Exercise requirements:
The lines to transcribe begin with the one containing "Espresso coffee with" and end with the last line below; reproduce them exactly, without the pictures.

Dataset extract:
= = = = =

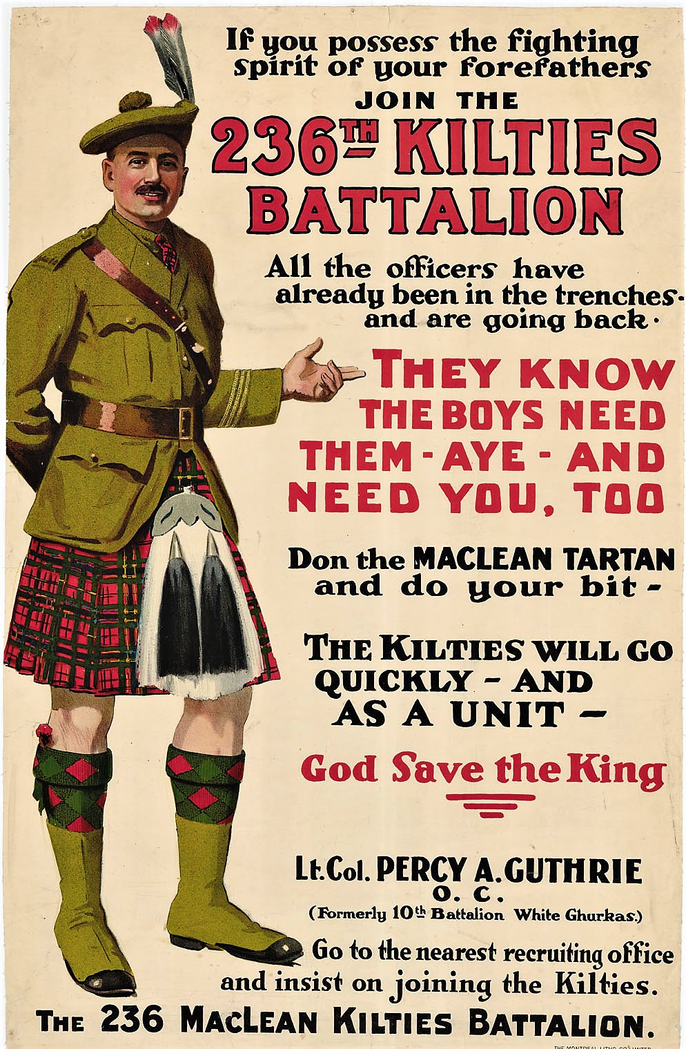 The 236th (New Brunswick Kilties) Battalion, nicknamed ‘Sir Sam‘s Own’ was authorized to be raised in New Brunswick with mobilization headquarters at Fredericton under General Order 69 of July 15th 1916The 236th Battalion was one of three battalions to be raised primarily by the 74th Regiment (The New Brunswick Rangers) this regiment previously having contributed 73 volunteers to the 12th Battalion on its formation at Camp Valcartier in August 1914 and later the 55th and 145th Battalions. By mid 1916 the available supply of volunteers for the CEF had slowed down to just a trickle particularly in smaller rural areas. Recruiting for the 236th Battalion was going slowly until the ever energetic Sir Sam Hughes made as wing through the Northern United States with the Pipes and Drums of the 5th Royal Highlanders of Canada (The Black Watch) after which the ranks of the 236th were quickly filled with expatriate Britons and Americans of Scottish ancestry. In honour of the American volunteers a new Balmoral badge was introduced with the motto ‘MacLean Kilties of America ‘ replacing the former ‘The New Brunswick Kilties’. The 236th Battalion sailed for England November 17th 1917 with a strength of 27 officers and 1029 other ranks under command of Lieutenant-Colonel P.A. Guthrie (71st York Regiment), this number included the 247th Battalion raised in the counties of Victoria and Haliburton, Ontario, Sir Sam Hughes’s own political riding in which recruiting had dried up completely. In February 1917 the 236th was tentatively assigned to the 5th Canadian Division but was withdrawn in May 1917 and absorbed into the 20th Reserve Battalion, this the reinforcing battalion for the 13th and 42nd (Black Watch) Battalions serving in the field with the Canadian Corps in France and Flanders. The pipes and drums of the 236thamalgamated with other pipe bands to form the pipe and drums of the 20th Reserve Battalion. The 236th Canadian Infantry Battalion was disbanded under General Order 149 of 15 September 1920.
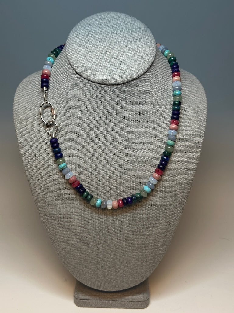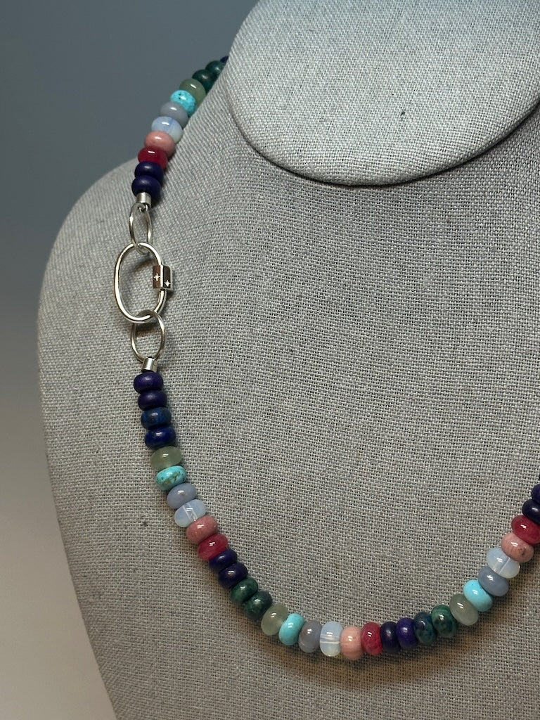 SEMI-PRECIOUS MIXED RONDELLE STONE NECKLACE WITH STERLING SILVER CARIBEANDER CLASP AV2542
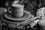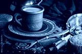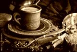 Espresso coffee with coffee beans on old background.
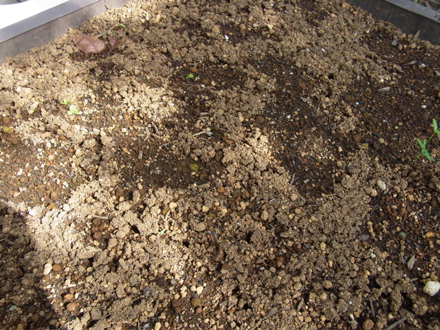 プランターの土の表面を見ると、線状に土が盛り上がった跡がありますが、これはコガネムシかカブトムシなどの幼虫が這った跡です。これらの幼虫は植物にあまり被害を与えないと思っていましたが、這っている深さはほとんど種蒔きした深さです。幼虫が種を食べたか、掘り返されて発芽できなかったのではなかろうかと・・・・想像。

= = = = =

Expected output:
 Espresso coffee with coffee beans on old background.
 プランターの土の表面を見ると、線状に土が盛り上がった跡がありますが、これはコガネムシかカブトムシなどの幼虫が這った跡です。これらの幼虫は植物にあまり被害を与えないと思っていましたが、這っている深さはほとんど種蒔きした深さです。幼虫が種を食べたか、掘り返されて発芽できなかったのではなかろうかと・・・・想像。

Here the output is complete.